Two approaches have been proposed for quantifying lipid synthesis rates in vivo. One approach is to administer a carbon labeled precursor such as 13C-acetate during a continuous infusion and determining enrichment in lipids. The Deuteromic approach uses a bolus oral dose of labeled water, deuterium oxide (D2O), to enrich lipids.
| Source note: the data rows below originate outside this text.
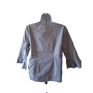 Elevate your wardrobe with this chic Talbots Petites blouse featuring timeless stripes and a flattering ruffle-detailed V-neckline. Its breathable cotton blend ensures comfort and style for versatile wear.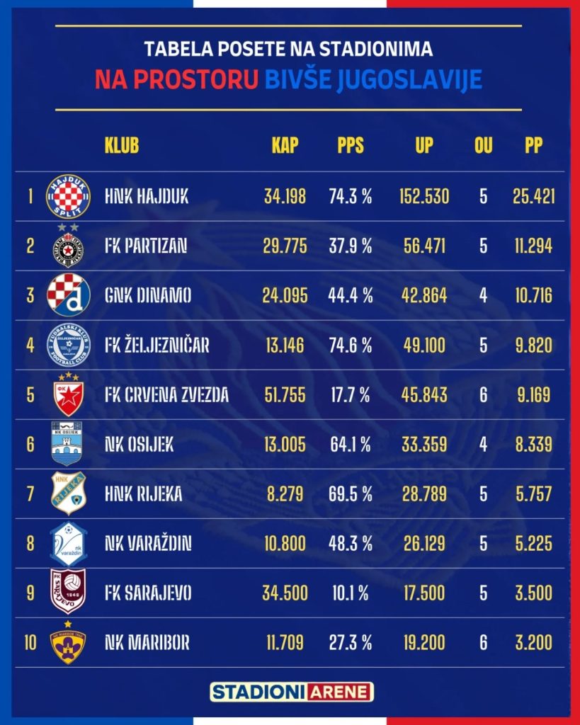 По првите кола од новата сезона направен е пресек за бројот на гледачи на натпреварите во првенствата од поранешна Југославија, Хајдук е убедливо најгледаниот клуб.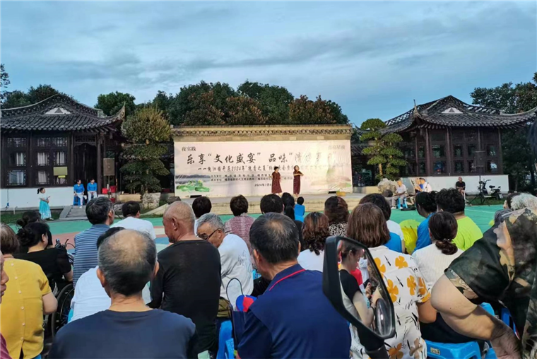 6月27日,揚州經開區新時代文明實踐中心在寶帶社區百姓大舞臺舉辦“點亮星夜”夏季納涼晚會,讓居民在納涼的同時享受健康向上的文藝節目,現場精心編排了舞蹈、大合唱、揚劇、走秀、葫蘆絲、彈詞等10多個市民喜聞樂見的文藝節目。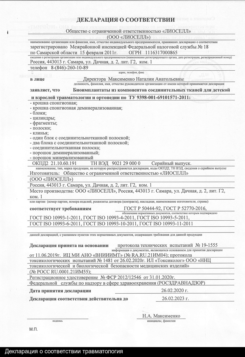 За время существования Самарского Банка Тканей все виды костно-замещающих материалов по технологии «Лиопласт» прошли клиническую апробацию во многих городах России и ЕЭС.

When 13C-labeled tracers are used, there are some serious limitations:
- Continuous infusions require special facilities
- Infusion protocols are over short time periods
- Subjects are confined
- True precursor enrichment is difficult to measure
- Experiments are costly due to sterile IV solutions
- Difficult to test many subjects at once
Labeling with deuterated water is a more convenient and less costly alternative for measuring lipid kinetics. The basis of the technique is that deuterium oxide rapidly equilibrates with total body water. The deuterium atom labels acetyl-CoA through various enzymatic reactions in the Krebs cycle.
Deuteromic studies are easy to conduct. Only a single oral dose of deuterium oxide (1 gram/kg BW) is required. Blood samples are collected for lipid enrichment prior to dosing and after 4-24 hours. The precursor enrichment of total body water is easily measured with plasma, saliva or urine.
Gas chromatography combustion isotope ratio mass spectrometry (GCC-IRMS) is used to measure very low levels of deuterium in plasma or tissue lipids. The GCC-IRMS separates derivatized fatty acids and cholesterol by gas chromatography. The lipid peaks are then combusted to hydrogen gas at 1450°C, which is analyzed by isotope ratio mass spectrometry. We can detect enrichment levels of 0.001% of deuterium with accuracy and precision. The fractional de novo lipogenesis rate is calculated from the average enrichment of deuterium in fatty acids or cholesterol.